I am able to get the time difference calculation but I'm not sure how to tie in the first task completed date and the Access completed date for each of the ID/Category/Site combos. Here's what I have so far:
df[['Task Completed','Access Completed']] = \
df[['Task Completed','Access Completed']].apply(lambda x: pd.to_datetime(x))
res = df.sort_values('Task Completed').groupby(['ID','Category','Site']).first()

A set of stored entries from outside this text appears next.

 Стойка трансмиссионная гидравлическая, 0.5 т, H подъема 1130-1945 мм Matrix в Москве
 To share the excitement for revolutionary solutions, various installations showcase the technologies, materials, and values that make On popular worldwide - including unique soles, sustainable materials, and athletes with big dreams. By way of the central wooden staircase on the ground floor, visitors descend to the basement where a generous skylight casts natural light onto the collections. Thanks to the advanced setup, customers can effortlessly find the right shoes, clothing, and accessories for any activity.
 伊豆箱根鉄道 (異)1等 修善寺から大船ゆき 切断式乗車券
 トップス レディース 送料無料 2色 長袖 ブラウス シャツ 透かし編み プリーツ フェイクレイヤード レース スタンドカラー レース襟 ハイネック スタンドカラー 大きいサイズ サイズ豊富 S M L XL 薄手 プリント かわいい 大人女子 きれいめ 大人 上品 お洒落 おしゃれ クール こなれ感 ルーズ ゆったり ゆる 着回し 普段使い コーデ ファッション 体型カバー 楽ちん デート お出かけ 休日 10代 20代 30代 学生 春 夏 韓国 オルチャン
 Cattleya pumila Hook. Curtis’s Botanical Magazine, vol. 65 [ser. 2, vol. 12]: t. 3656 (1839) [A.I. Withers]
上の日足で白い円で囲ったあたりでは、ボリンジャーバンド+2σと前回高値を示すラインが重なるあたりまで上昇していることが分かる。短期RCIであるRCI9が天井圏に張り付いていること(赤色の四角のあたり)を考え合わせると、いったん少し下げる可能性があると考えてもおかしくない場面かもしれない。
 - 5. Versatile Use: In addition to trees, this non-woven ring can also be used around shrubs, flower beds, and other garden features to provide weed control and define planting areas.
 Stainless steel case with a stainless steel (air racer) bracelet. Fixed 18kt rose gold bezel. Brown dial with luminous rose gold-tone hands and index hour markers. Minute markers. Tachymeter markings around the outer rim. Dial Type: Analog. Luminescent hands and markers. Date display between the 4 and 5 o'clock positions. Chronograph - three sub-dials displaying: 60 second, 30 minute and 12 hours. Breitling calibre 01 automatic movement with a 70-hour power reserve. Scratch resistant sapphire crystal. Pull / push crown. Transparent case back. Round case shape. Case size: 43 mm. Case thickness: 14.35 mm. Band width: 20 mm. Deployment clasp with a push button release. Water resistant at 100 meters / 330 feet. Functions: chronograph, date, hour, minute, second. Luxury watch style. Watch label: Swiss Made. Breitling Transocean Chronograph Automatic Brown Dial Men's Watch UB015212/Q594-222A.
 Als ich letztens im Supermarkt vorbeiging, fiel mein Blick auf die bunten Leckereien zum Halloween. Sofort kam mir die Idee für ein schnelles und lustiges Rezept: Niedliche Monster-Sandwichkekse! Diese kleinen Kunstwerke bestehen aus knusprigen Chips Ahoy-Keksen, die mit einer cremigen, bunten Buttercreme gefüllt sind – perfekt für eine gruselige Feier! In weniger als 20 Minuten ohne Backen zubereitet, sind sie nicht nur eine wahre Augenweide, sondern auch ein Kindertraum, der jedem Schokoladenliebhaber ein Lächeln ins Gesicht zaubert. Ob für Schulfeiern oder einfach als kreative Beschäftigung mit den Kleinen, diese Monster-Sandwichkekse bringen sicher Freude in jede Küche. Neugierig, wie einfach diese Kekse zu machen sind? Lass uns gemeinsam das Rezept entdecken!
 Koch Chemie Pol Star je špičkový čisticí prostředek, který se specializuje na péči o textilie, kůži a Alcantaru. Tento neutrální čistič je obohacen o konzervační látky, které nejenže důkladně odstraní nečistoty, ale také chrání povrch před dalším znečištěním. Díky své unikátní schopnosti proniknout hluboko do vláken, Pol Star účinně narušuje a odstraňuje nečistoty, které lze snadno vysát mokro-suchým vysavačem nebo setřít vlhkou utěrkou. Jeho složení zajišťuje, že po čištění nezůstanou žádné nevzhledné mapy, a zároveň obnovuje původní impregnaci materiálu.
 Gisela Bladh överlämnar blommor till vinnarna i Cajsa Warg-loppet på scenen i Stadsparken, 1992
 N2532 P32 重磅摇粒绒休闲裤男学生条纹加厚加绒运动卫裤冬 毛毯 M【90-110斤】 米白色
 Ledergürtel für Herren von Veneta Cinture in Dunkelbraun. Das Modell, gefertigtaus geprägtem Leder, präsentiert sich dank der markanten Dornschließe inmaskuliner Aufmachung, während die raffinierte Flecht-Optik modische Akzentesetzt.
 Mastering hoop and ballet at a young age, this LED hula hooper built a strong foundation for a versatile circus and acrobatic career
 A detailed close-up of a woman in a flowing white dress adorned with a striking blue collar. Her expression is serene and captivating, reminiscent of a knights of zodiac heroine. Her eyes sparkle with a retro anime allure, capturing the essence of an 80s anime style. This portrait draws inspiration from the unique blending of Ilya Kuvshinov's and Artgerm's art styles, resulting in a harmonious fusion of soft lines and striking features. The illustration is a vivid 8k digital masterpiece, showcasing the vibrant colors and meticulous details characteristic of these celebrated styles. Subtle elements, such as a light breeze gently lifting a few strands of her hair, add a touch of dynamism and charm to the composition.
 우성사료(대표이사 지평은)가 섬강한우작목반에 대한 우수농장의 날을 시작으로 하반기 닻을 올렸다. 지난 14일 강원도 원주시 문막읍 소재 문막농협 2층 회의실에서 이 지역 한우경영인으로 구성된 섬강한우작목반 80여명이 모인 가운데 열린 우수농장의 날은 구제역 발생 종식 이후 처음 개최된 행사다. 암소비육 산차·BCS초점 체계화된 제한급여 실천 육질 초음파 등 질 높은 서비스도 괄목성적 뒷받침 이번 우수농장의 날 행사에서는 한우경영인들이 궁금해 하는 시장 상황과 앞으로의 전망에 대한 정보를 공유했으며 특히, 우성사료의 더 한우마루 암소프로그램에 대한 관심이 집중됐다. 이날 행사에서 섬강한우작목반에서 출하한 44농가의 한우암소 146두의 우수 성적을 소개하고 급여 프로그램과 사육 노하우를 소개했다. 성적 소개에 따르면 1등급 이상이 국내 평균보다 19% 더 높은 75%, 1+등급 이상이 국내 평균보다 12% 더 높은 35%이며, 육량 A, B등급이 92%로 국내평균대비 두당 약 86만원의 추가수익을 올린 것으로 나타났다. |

res = res['Task Completed'].sub(res['Access Completed'])\
.dt.total_seconds().div(3600).reset_index(drop=False).rename(
columns={0:'Time Difference'})
This has an output of:
ID Category Site Time Difference
0 1 A X 1.0
1 1 A Y 24.0
2 1 B X 1.0
3 2 A X 1.0
This is my intended result:
ID | Category | Site | Time Difference | First Task Completed | Access Completed |
---|---|---|---|---|---|
1 | A | X | 1 | 1/1/22 1:00:00AM | 1/1/22 12:00:00 AM |
1 | A | Y | 24 | 1/3/22 12:00:00AM | 1/2/22 12:00:00 AM |
1 | B | X | 1 | 1/1/22 1:00:00AM | 1/1/22 12:00:00 AM |
2 | A | X | 1 | 1/1/22 1:00:00AM | 1/1/22 12:00:00 AM |
Thanks in advance for your help.
CodePudding user response:
Process used:
- First convert the dates into appropriate format to allow subtraction
- Remove the duplicates, and keep only the first date.
- With duplicates removed, now calculate the differences
- Needed to re-order, rename and format the columns to match the expected output
import pandas as pd
cols = ['ID','Category','Site','Task Completed','Access Completed']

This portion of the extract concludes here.